Exercise data —
⁂
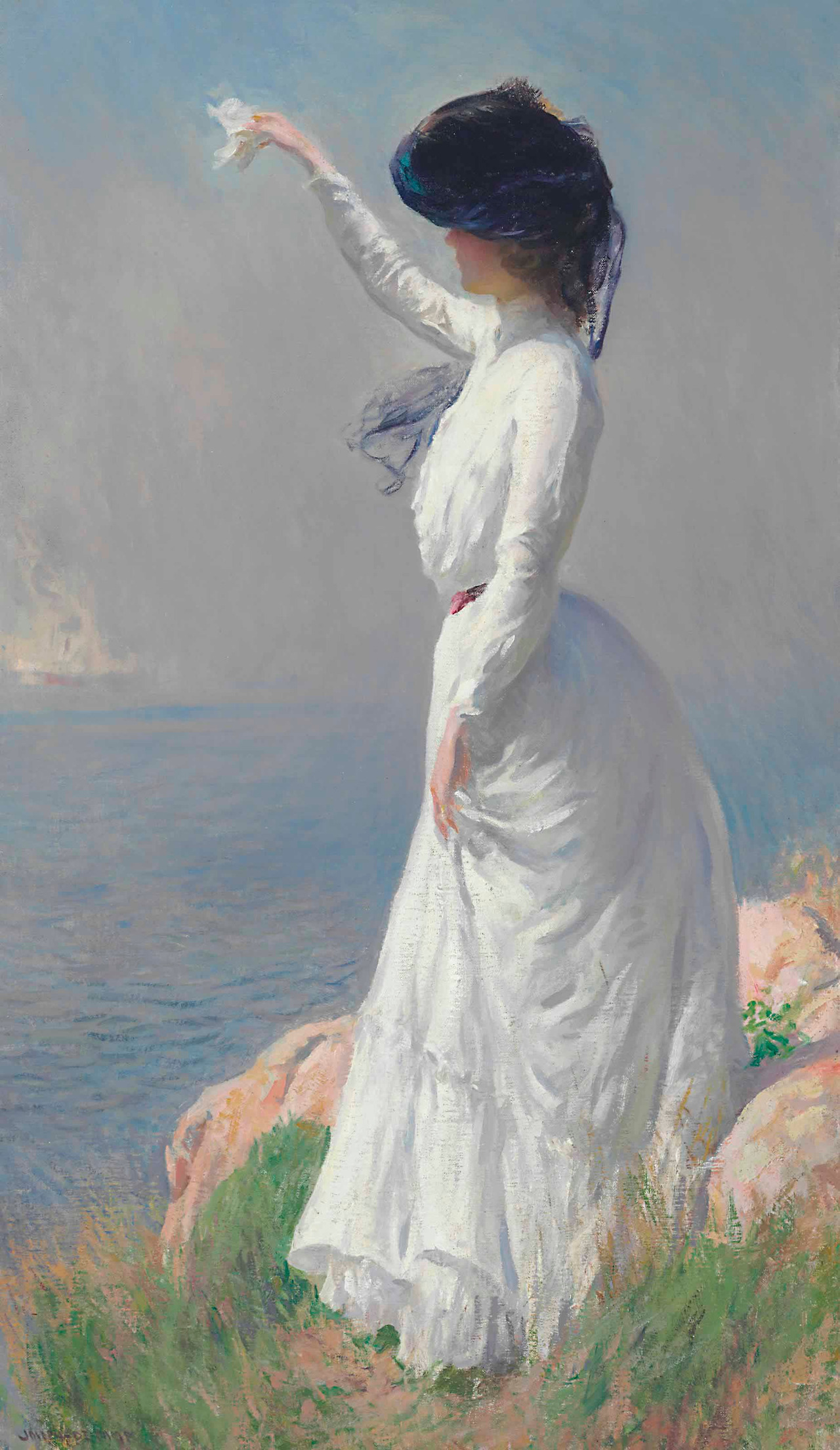 인상파 화가들의 대기 효과를 적절히 잘 활용하여 여인의 드레스 뒷부분은 그늘이 드리워져 푸른색이 어른대고
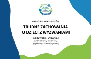 • WARSZTATY DLA RODZICÓW „TRUDNE ZACHOWANIA U DZIECI Z WYZWANIAMI. Możliwości i wyzwania z perspektywy psychiatry, psychologa i neurologopedy”
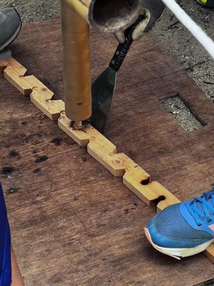 ひもと棒を使って、みんなで火おこしをしています。一人では難しくても、みんなで協力すると素早く火をおこすことができました。
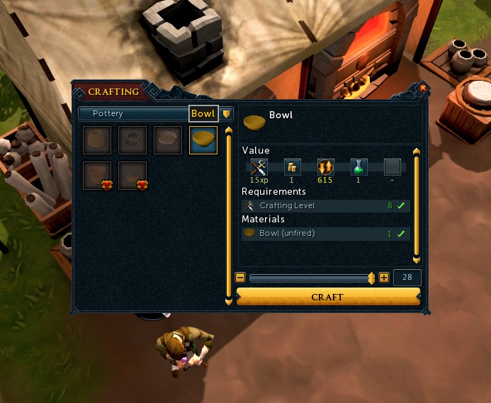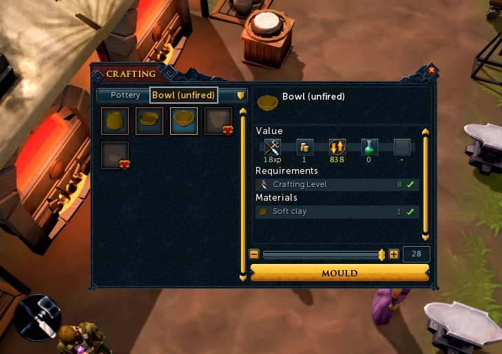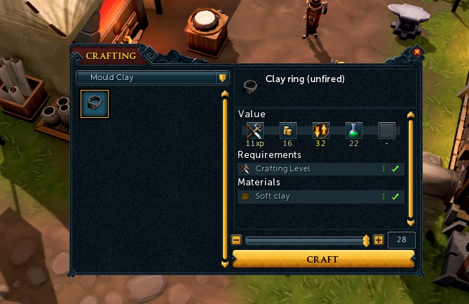 점토 반지(clay ring)을 만드는데 이게 제작 속도가 빠르다. 이걸 굽게 되면 경험치를 더 주긴 하지만 시간이 걸린다. 그러니 그냥 버리거나 아니면 팔아버리고 다시 점토를 캐서 무른 점토 만들고 점토 반지 만들기를 반복한다.
⁂
Your goal — The listing above must be given again exactly, minus its pictures.

Solution for this problem —
 인상파 화가들의 대기 효과를 적절히 잘 활용하여 여인의 드레스 뒷부분은 그늘이 드리워져 푸른색이 어른대고
 • WARSZTATY DLA RODZICÓW „TRUDNE ZACHOWANIA U DZIECI Z WYZWANIAMI. Możliwości i wyzwania z perspektywy psychiatry, psychologa i neurologopedy”
 ひもと棒を使って、みんなで火おこしをしています。一人では難しくても、みんなで協力すると素早く火をおこすことができました。
 점토 반지(clay ring)을 만드는데 이게 제작 속도가 빠르다. 이걸 굽게 되면 경험치를 더 주긴 하지만 시간이 걸린다. 그러니 그냥 버리거나 아니면 팔아버리고 다시 점토를 캐서 무른 점토 만들고 점토 반지 만들기를 반복한다.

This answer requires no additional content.